B. Claims for Injunctive Relief
Gedeon also appears to seek injunctive relief in the form of being permitted to wear clothing that will allow him to stay cool when it is hot. Whatever the source, this claim is also not plausible. As noted, Gedeon has not alleged any personal involvement of the Attorney General, the Unknown Director of the U.S. Marshal Service, or the Warden of FDC Philadelphia. He also does not allege that the Unknown U.S. Marshal Deputy was personally involved in requiring him to wear jumpers. Even if he had named an appropriate Defendant, the claim cannot proceed. To determine whether prison officials have violated a detainee's rights,“we apply a two-prong test: (1) the deprivation must be ‘objectively, sufficiently serious; a prison official's act or omission must result in the denial of the minimal civilized measure of life's necessities'; and (2) the prison official must have been ‘deliberately indifferent to inmate health or safety.'” Porter v. Pennsylvania Dep't of Corr., 974 F.3d 431, 441 (3d Cir. 2020) (quoting Farmer v. Brennan, 511 U.S. 825, 834 (1994) (alterations omitted)). Such necessities include food, clothing, shelter, medical care, and reasonable safety. Tillman v. Lebanon Cnty. Corr. Facility, 221 F.3d 410, 418 (3d Cir. 2000). “To violate the Eighth Amendment, conditions of confinement must be dangerous, intolerable or shockingly substandard.” Riley v. Jeffes, 777 F.2d 143, 147 (3d Cir. 1985); Inmates of Allegheny Cnty. Jail v. Pierce, 612 F.2d 754, 757 (3d Cir. 1979). A prison official is not deliberately indifferent “unless the official knows of and disregards an excessive risk to inmate health or safety; the official must both be aware of facts from which the inference could be drawn that a substantial risk of serious harm exists, and he must also draw the inference.” Farmer, 511 U.S. at 837. Gedeon's allegations about being required to wear a jumper during the heat of summer months does not rise to the level of an objectively serious deprivation, particularly since he concedes that he receives multiple changes of clothing and he has access to deodorant and can shower regularly to maintain his hygiene.

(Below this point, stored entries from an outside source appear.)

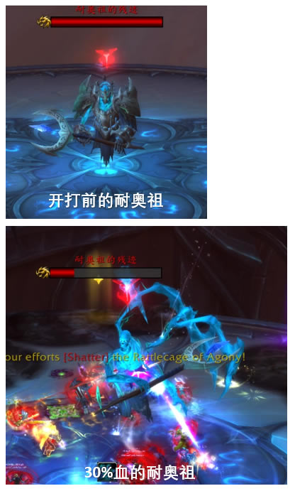 一块禁锢着耐奥祖残迹的护甲裂片脱落下来,对所有玩家造成12,412点暗影伤害。
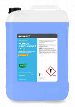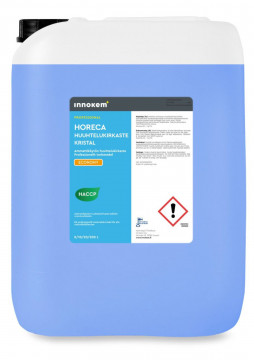 INNOKEM Huuhtelukirkaste Kristal Economy on tarkoitettu koneelliseen astianpesuun. Kuivattaa nopeasti kaikki astiatyypit (lasi, muovi, posliini, teräs). Tuote on erittäin matalavaahtoinen alemmissakin lämpötiloissa. Tuote on yhteensopiva HACCP-järjestelmän kanssa.
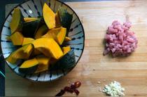 南瓜切丁,里脊肉切丁,大蒜搗碎,干辣椒備好。

Cases applying the Eighth Amendment standard to conditions of confinement claims brought by convicted prisoners are also applicable to similar claims brought by detainees under the Fifth Amendment. Bistrian, 912 F.3d at 91 (“[T]he Fifth Amendment provides the same, if not more, protection for pretrial detainees than the Eighth Amendment does for imprisoned convicts.”).
III. CONCLUSION
For the reasons stated, the Court will grant Gedeon leave to proceed in forma pauperis and dismiss his Complaint on statutory screening pursuant to 28 U.S.C. § 1915(e)(2)(B)(ii). Because it appears that any attempt to amend his claims would prove futile, the dismissal will be with prejudice. Grayson v. Mayview State Hosp., 293 F.3d 103, 110 (3d Cir. 2002) (stating that district courts should dismiss complaints under § 1915(e) with leave to amend “unless amendment would be inequitable or futile”).